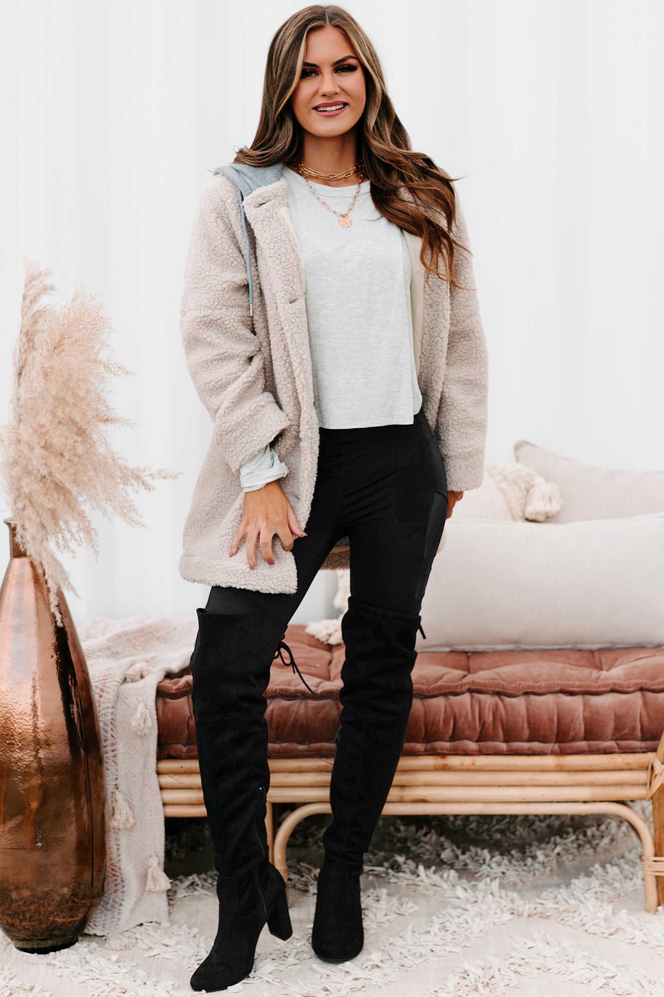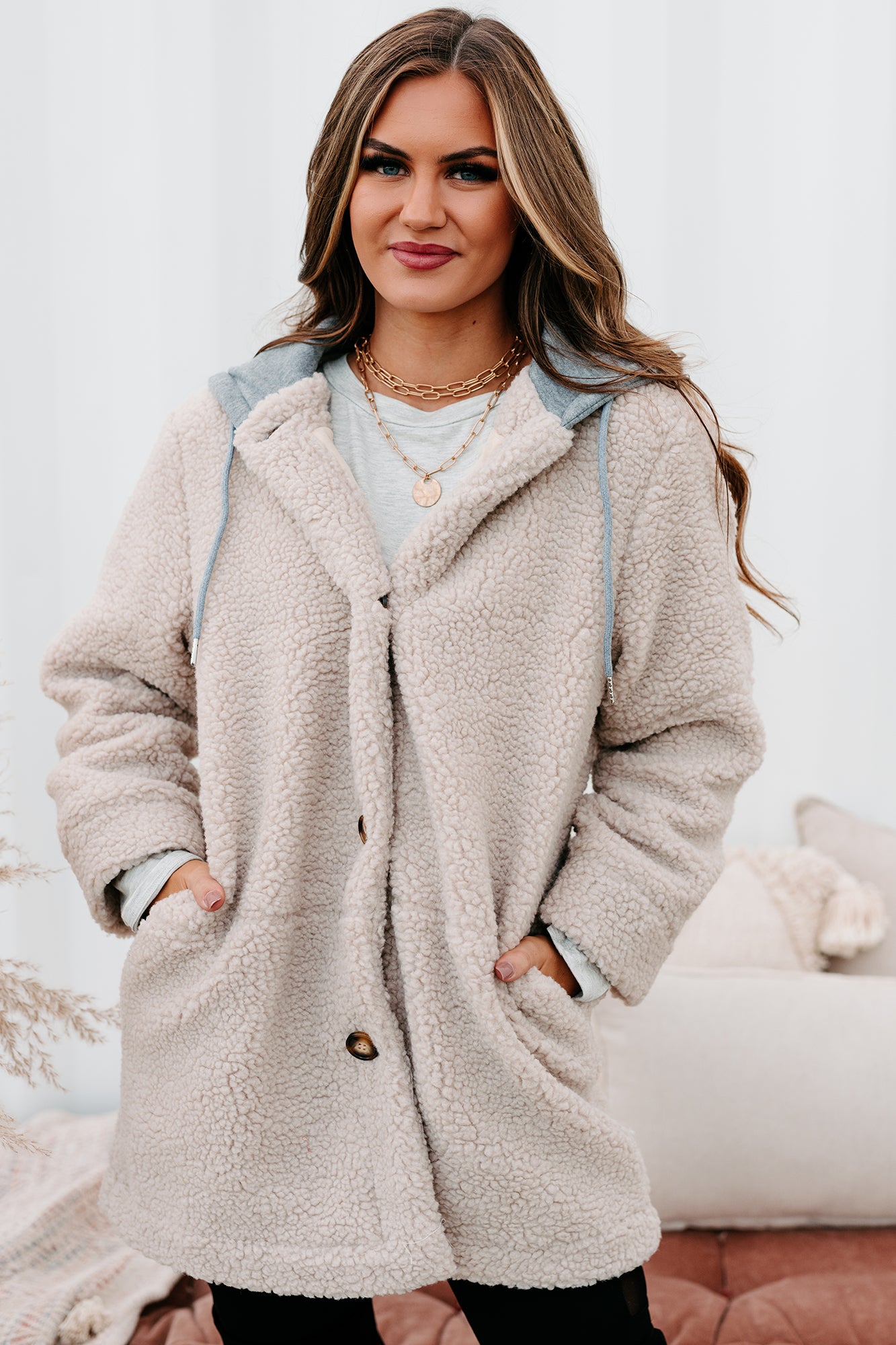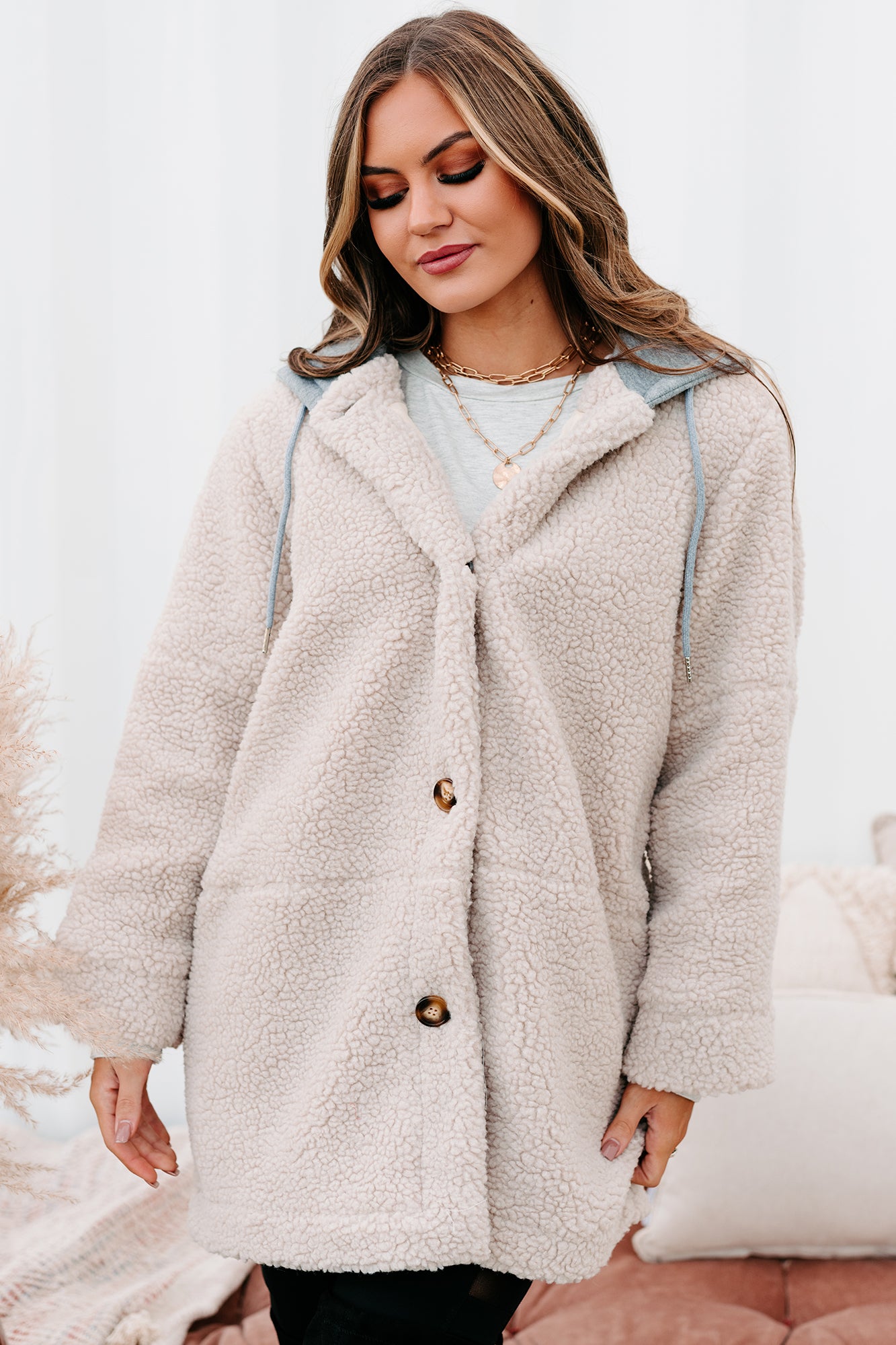 Keeping Me Toasty Hooded Teddy Coat (Light Beige/Grey)
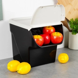 Tartsa a konyhát és a kamrát tökéletesen rendezett állapotban. A strapabíró tárolódoboz felnyitható előlapi fedéllel megkönnyíti a tartalom gyors feltöltését és kivételét anélkül, hogy a teljes fedelet le kellene venni. Az időtálló fekete tartály és a világosszürke fedél kombinációja bármelyik enteriőrbe illik.
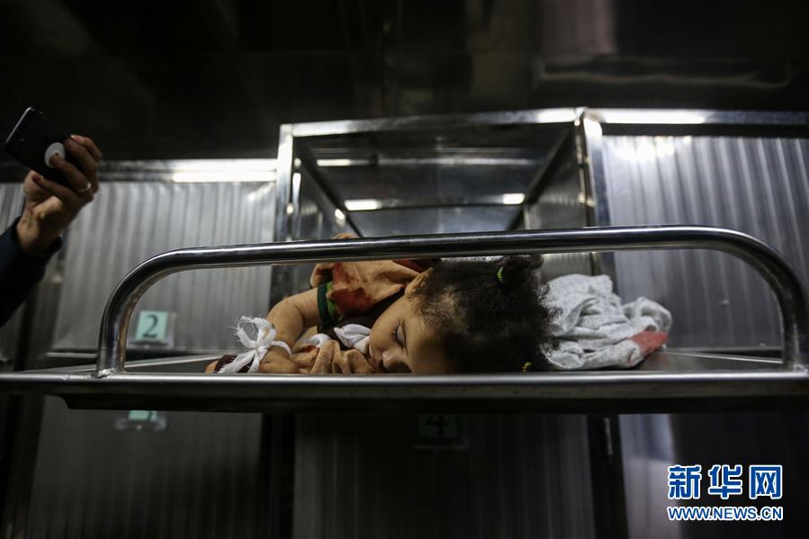5月4日,在加沙城,一名幼兒在以軍轟炸中喪生。新華社發(fā)

(Problem to solve) Write out, exactly as they appear, the lines from the one containing "Tartsa a konyhát" through the end of the material above, excluding pictures.

(Solution to this exercise)
 Tartsa a konyhát és a kamrát tökéletesen rendezett állapotban. A strapabíró tárolódoboz felnyitható előlapi fedéllel megkönnyíti a tartalom gyors feltöltését és kivételét anélkül, hogy a teljes fedelet le kellene venni. Az időtálló fekete tartály és a világosszürke fedél kombinációja bármelyik enteriőrbe illik.
5月4日,在加沙城,一名幼兒在以軍轟炸中喪生。新華社發(fā)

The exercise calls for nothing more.